Important changes have been voted through to improve overtaking from 2019 onwards in F1.
The F1 Strategy Group, F1 Commission and the World Motor Sport Council have approved changes to the technical regulations effective from next season.
The changes will include a simplified front wing – with reduced outwash potential – simplified brake ducts, and a wider, deeper rear wing.
Formula One is set to introduce a range of changes for the new Concorde Agreement, which will begin in 2021. However, following complaints about the lack of overtaking chances in the season-opening Australian Grand Prix, Formula One chiefs have been seeking solutions which could be brought in sooner.
These proposals have been backed up by a period of research by the Formula One teams, who were able to demonstrate the positive impact that the modifications will have on the quality of racing.
The findings were put to a voting panel – which included the FIA, F1, all ten teams and sponsor and promoter representatives, and the proposals secured enough votes to proceed, pending approval from the World Motor Sport Council.
These will be added to the modifications already planned for 2019; an increase in fuel allowance, a separation of the driver weight and car weight (to not disadvantage heavier drivers) and the requirement for drivers to wear biometric gloves.
Formula One’s Managing Director (Motorsports) Ross Brawn highlighted the incident between Daniel Ricciardo and Max Verstappen as an example of the current aerodynamic issues facing the sport.
“One of the key episodes of the Azerbaijan Grand Prix was the collision between team mates Daniel Ricciardo and Max Verstappen,” said Brawn. “I don’t want to comment on who might be held responsible or how a team should manage these issues during a race, but I do think the Steward’s decision to reprimand both drivers was the right course of action. But I would like to highlight a technical point.
“Once Daniel had settled for his line, and Max had changed direction once more, the Australian suddenly had to cope with a car that was very light at the front end due to the turbulent air generated by the leading Red Bull.
“In these conditions Daniel was no more than a passenger with few, if any, options to manage the situation: he could not change direction and the hard braking he tried would have had little chance of success.

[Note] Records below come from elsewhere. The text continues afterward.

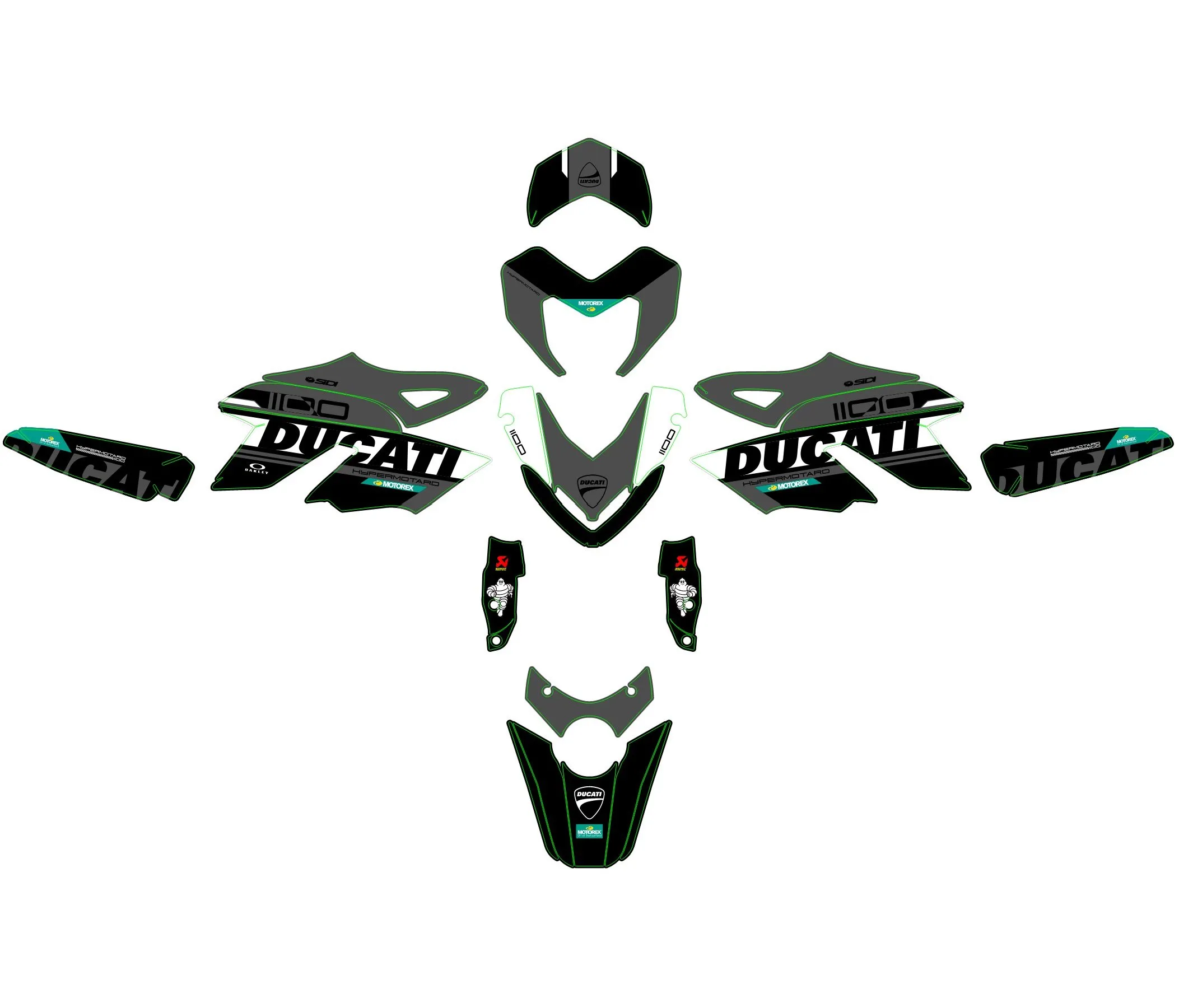 Pour une personnalisation encore plus poussée, vous pouvez customiser votre Kit déco Ducati Hypermotard 796 / 1100 – Rex avec nos différentes options comme la base du Kit déco, la finition et pourquoi pas ajouter votre pseudo ou bien changer le numéro.
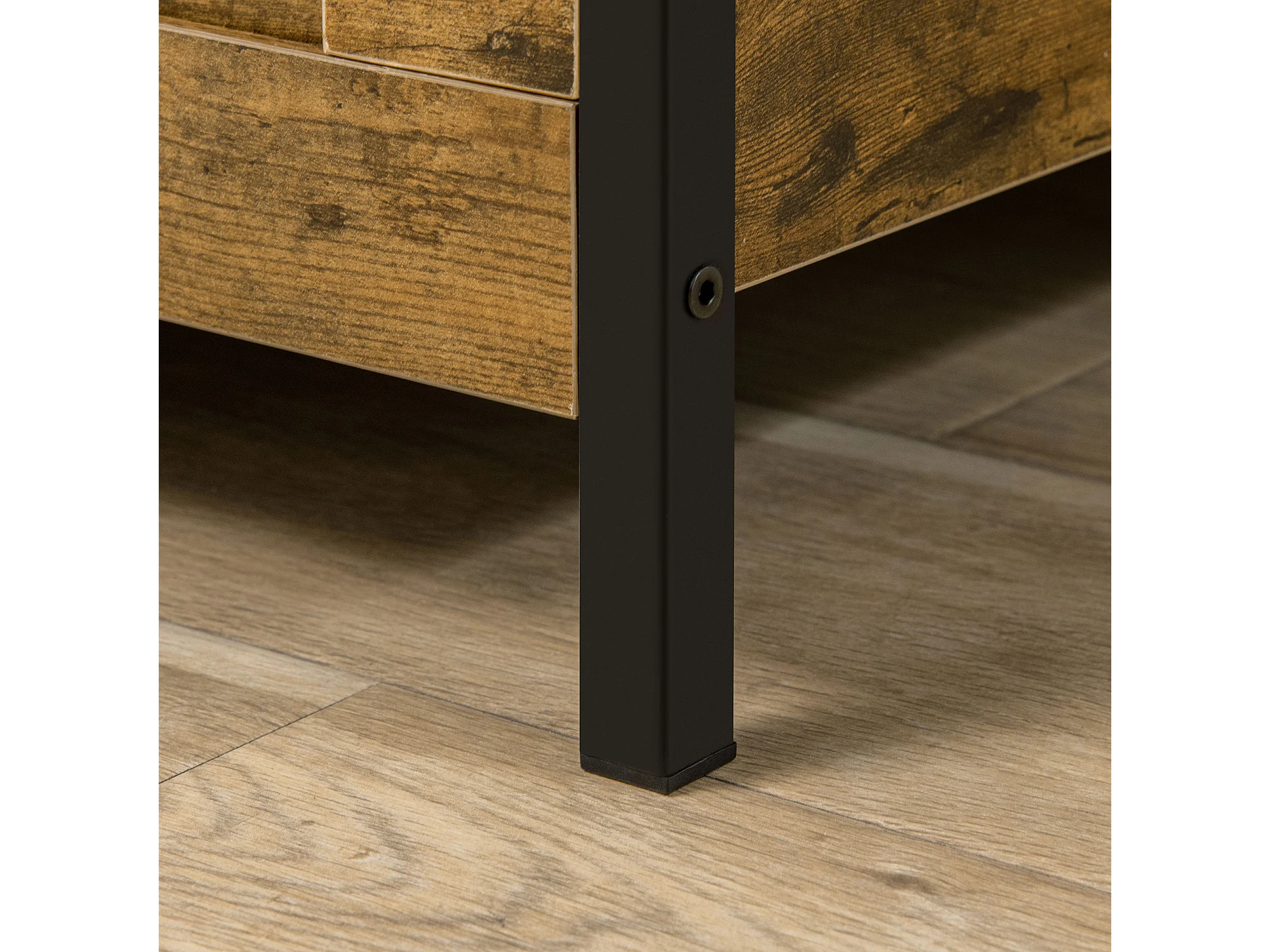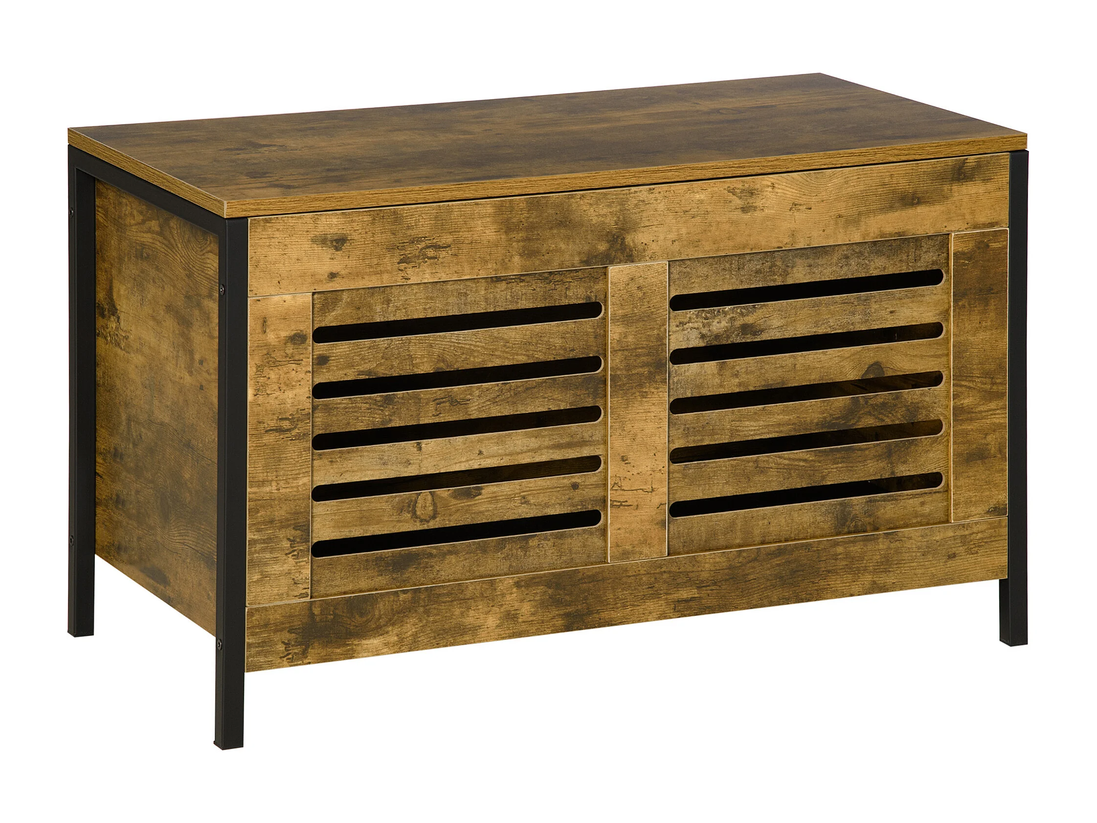 Panca contenitore in stile industriale, truciolato e acciaio, marrone rustico (80x40x49cm)
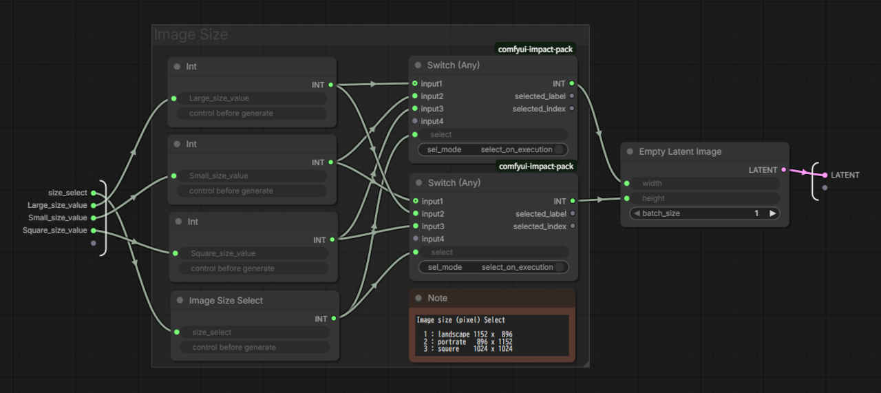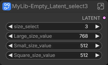 | 空の潜在空間を出力するノード あらかじめ「長辺・短辺・正方形の辺」の数値を乳井力して置クことで、セレクト値(1 ~ 3)の入力で縦横比の切り替えが簡単にできる |

“This highlighted once more the need of finding a way to re-write the rules so as to make the cars more raceable in these conditions. The decision of the Strategy Group and the F1 Commission taken yesterday, sanctioned by the FIA World Motor Sport Council, to approve a number of aerodynamic modifications, aimed at promoting closer racing and more overtaking, to the cars already for 2019 season is definitely an important step in the right direction.”